TASK TO COMPLETE:
Below are entries; output exactly the lines from the one with "Prodam 2 vintage" to the one with "在原代人树突状细胞中,化合物", both included, and nothing else.

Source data
= = = = =

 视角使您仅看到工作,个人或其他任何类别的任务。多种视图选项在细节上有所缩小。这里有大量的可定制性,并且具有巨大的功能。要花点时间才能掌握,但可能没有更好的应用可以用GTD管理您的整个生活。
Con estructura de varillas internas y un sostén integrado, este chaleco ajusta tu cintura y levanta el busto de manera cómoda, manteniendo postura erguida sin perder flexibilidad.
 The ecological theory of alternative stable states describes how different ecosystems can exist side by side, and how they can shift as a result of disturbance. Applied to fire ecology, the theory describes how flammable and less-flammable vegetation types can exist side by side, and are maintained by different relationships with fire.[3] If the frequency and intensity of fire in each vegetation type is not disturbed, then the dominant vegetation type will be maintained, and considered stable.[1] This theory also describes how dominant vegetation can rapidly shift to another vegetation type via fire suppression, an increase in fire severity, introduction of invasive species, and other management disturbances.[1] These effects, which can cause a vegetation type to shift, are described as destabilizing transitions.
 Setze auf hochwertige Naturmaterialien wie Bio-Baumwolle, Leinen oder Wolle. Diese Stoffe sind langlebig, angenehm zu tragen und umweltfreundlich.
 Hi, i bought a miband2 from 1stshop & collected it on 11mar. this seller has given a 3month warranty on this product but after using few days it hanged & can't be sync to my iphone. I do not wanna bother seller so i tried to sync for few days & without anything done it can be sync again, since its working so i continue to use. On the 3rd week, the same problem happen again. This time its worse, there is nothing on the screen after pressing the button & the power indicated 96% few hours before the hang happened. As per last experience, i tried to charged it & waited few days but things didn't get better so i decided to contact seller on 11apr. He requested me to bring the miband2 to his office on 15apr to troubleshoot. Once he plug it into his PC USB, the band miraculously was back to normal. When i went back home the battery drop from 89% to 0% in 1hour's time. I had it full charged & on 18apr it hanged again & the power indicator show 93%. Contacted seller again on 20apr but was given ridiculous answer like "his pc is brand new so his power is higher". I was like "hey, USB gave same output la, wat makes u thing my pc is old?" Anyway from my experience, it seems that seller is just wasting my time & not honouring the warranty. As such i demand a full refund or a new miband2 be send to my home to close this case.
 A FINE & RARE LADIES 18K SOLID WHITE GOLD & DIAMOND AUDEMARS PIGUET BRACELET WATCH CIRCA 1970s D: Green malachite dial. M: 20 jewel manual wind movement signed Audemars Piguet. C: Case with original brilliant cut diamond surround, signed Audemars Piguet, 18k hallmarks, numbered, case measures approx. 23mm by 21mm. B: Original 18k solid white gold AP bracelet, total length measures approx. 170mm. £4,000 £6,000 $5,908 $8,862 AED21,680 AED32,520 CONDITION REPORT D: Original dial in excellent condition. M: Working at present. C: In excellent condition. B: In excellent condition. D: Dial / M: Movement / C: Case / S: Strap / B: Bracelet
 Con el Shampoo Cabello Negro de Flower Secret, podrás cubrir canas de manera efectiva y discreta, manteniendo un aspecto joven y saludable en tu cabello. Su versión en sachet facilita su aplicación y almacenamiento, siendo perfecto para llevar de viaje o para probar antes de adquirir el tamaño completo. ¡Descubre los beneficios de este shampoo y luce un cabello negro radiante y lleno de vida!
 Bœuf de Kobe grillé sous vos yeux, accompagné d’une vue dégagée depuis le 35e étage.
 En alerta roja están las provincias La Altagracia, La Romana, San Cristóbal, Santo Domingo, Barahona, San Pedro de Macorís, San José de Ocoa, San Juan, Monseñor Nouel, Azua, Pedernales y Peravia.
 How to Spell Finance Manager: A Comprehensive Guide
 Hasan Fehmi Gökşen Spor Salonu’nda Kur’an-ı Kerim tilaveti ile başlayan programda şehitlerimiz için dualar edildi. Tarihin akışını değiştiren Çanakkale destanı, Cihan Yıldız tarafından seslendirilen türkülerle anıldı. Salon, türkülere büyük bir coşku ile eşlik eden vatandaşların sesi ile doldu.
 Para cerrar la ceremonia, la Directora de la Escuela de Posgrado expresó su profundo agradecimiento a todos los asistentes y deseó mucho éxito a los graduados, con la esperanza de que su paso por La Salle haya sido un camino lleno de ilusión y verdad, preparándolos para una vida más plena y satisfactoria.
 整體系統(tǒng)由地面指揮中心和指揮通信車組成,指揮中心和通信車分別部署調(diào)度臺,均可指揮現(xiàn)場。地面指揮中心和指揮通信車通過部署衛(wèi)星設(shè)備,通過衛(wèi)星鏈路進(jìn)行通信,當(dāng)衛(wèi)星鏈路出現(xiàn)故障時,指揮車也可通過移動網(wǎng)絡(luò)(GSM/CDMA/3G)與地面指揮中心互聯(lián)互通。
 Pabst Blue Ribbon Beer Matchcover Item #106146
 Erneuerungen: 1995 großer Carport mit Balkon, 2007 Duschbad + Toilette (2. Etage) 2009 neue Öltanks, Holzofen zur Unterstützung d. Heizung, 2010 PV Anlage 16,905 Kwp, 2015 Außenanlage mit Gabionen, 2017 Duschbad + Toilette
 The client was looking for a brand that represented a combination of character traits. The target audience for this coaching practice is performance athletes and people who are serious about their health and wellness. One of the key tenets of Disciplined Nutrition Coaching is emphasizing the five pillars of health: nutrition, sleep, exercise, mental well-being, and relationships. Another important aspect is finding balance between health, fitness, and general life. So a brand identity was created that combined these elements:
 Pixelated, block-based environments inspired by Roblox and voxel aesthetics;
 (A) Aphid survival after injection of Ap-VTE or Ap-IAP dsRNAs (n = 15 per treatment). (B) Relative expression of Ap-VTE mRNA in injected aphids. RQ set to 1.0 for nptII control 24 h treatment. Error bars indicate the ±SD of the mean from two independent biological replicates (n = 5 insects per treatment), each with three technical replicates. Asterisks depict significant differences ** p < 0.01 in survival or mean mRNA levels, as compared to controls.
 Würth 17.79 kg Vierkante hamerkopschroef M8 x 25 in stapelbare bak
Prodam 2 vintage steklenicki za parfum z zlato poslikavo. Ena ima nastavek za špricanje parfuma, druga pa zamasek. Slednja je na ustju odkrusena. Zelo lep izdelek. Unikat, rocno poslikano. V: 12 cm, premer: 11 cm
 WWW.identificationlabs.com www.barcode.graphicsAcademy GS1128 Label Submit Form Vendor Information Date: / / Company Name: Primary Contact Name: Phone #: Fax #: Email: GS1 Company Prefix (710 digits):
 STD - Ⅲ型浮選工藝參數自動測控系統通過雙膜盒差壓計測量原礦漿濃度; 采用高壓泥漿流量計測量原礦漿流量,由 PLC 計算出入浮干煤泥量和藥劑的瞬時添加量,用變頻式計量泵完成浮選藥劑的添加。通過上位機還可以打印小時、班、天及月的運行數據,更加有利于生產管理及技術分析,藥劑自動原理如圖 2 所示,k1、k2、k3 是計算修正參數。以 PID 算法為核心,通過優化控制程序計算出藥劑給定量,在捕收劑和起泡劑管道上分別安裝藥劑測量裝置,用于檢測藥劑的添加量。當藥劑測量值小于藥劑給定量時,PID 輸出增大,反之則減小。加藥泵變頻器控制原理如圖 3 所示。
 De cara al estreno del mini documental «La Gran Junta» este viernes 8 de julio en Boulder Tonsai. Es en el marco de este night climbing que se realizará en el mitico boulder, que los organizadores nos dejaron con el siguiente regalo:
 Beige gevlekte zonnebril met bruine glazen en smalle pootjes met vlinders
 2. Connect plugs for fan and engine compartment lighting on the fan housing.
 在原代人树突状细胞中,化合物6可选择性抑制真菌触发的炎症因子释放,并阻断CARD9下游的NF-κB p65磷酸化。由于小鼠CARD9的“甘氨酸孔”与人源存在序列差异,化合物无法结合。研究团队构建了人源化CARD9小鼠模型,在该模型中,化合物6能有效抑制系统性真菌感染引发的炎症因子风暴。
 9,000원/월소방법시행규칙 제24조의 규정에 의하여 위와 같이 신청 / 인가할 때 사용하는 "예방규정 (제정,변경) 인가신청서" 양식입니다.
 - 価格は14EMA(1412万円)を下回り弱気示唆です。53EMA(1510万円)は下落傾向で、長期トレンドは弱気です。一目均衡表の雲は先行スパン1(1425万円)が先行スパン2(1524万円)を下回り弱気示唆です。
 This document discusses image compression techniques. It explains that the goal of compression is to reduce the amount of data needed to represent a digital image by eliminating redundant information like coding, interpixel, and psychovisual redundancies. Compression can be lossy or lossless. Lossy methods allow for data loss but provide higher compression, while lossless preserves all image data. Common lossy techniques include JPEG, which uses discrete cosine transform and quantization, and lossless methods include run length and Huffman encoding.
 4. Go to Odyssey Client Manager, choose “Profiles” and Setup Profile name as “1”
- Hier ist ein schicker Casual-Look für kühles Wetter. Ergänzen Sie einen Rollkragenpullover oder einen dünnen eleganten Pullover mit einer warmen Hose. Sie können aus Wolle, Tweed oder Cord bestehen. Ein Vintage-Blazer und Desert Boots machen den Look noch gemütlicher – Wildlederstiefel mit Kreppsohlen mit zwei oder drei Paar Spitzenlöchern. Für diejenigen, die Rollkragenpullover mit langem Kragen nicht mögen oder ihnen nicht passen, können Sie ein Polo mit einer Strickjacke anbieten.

= = = = =

OUTPUT BELOW:
Prodam 2 vintage steklenicki za parfum z zlato poslikavo. Ena ima nastavek za špricanje parfuma, druga pa zamasek. Slednja je na ustju odkrusena. Zelo lep izdelek. Unikat, rocno poslikano. V: 12 cm, premer: 11 cm
 WWW.identificationlabs.com www.barcode.graphicsAcademy GS1128 Label Submit Form Vendor Information Date: / / Company Name: Primary Contact Name: Phone #: Fax #: Email: GS1 Company Prefix (710 digits):
 STD - Ⅲ型浮選工藝參數自動測控系統通過雙膜盒差壓計測量原礦漿濃度; 采用高壓泥漿流量計測量原礦漿流量,由 PLC 計算出入浮干煤泥量和藥劑的瞬時添加量,用變頻式計量泵完成浮選藥劑的添加。通過上位機還可以打印小時、班、天及月的運行數據,更加有利于生產管理及技術分析,藥劑自動原理如圖 2 所示,k1、k2、k3 是計算修正參數。以 PID 算法為核心,通過優化控制程序計算出藥劑給定量,在捕收劑和起泡劑管道上分別安裝藥劑測量裝置,用于檢測藥劑的添加量。當藥劑測量值小于藥劑給定量時,PID 輸出增大,反之則減小。加藥泵變頻器控制原理如圖 3 所示。
 De cara al estreno del mini documental «La Gran Junta» este viernes 8 de julio en Boulder Tonsai. Es en el marco de este night climbing que se realizará en el mitico boulder, que los organizadores nos dejaron con el siguiente regalo:
 Beige gevlekte zonnebril met bruine glazen en smalle pootjes met vlinders
 2. Connect plugs for fan and engine compartment lighting on the fan housing.
 在原代人树突状细胞中,化合物6可选择性抑制真菌触发的炎症因子释放,并阻断CARD9下游的NF-κB p65磷酸化。由于小鼠CARD9的“甘氨酸孔”与人源存在序列差异,化合物无法结合。研究团队构建了人源化CARD9小鼠模型,在该模型中,化合物6能有效抑制系统性真菌感染引发的炎症因子风暴。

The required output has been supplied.